For the construction of the symmetric matrix ʻA, refer to the "Calculations for automatic differentiation" section above.

    r = tf.Variable(initial_value=tf.random.uniform(shape=[6]))
t = tf.constant([1.0, 1.0, 1.0])

def calc_eigval(r):
A = 0.5*tf.linalg.diag(r[0:3])
A = A + tf.pad(tf.linalg.diag(r[3:5]), [[0, 1], [1, 0]], "CONSTANT")
A = A + tf.sparse.to_dense(tf.sparse.SparseTensor(indices=[[0, 2]], values=[r[5]], dense_shape=(3, 3)))
A = A + tf.transpose(A)
eigval, eigvec = tf.linalg.eigh(A)
return eigval
def calc_loss(r):
eigval = calc_eigval(r)
d = tf.reduce_sum((eigval - t)**2)
return d

loss = lambda: calc_loss(r)

while d > 1e-8:
opt.minimize(loss, var_list=[r])
print("---------------")
print(r)
print(calc_eigval(r))
print(calc_loss(r))


calc_eigval is a function that returns an eigenvalue, and calc_loss is a function that calculates a loss function.

loss is a function that calculates a loss function based on the value of r at this point and returns its Tensor, givenloss (). The first argument of minimize requires a function without such an argument. So I was getting an error when I passed the d calculated by gradientTape to the minimize.

You can write calc_eigval in calc_loss, but I wanted to see how the eigenvalues changed during the loop, so I prepared another function. def calc_loss (r) and loss = lambda: calc_loss (r) are the points for using minimize. If you define calc_loss from the beginning with no arguments, you can pass it to minimize as it is. Anyway, now I don't have to manage it myself.
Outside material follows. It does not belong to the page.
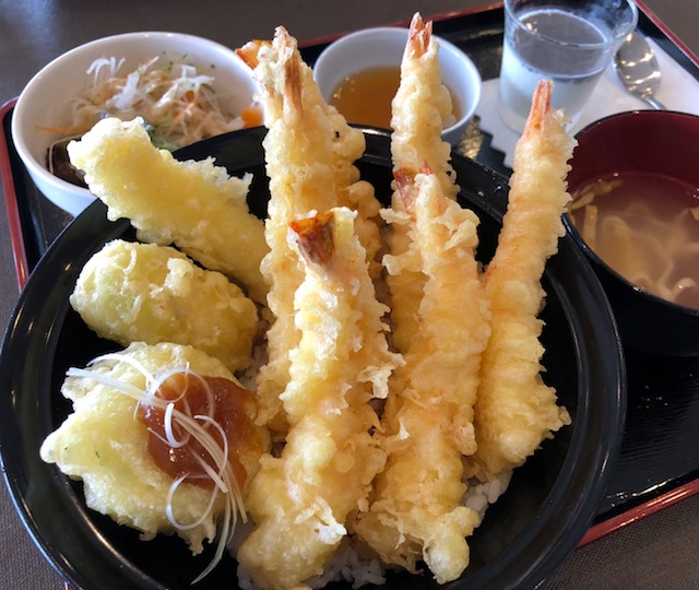 天久テラスのランチが輪をかけて大ブレイク中! その秘密は1000円(特典利用時)で食べられるパフォーマンス抜群の内容。 定番の天山も人気ですが、今日は「束ね海老天丼」を頂きました。 海老天が6本入った、夢達成の一品です。リポートでの音、聞いてもらえましたか? 「サクッ!」という脳を揺さぶるサウンド、堪らんかったでしょう。 にんにくが効いた名物キャベツの天ぷら、甘味噌で食べるヘチマの天ぷらも美味〜でございました。 オーナーの、天ぷら伝道師・ザビエル中村さんは「銀座で食べたら間違いなく3000円! これをみんなに知ってもらわないと県民の損失になる!」と力強く仰っていました! 「RBCiラジオを聴いた」で、6月一杯1000円で頂けます! サラダもデザートもコーヒー飲み放題が付いてこれ。泣けます。 海も見られて大型駐車場も完備。反射的にGOでしょう!

If you execute the above code as it is with the main function, the state of convergence will be output.

# Other

As a bonus, about 4 patterns that started the convergence of eigenvalues with random initial values. The lines are <font color = # 1f77b4> eigenvalue 1 </ font>, eigenvalue 2 </ font>, and <font color = # 2ca02c> eigenvalue 3 </ font>, respectively. The right end is 1, which is the goal of convergence, and you can see that it is working properly.

Higher-order differentiation is also possible by nesting GradientTape (). It seems that the coverage of automatic differentiation is wider than I expected.

The reason for the main article of GradientTape is that I didn't know how to use minimize at first and thought that I had to do ʻapply_gradientmanually. After writing most of the article, I knew how to do it withminimize`.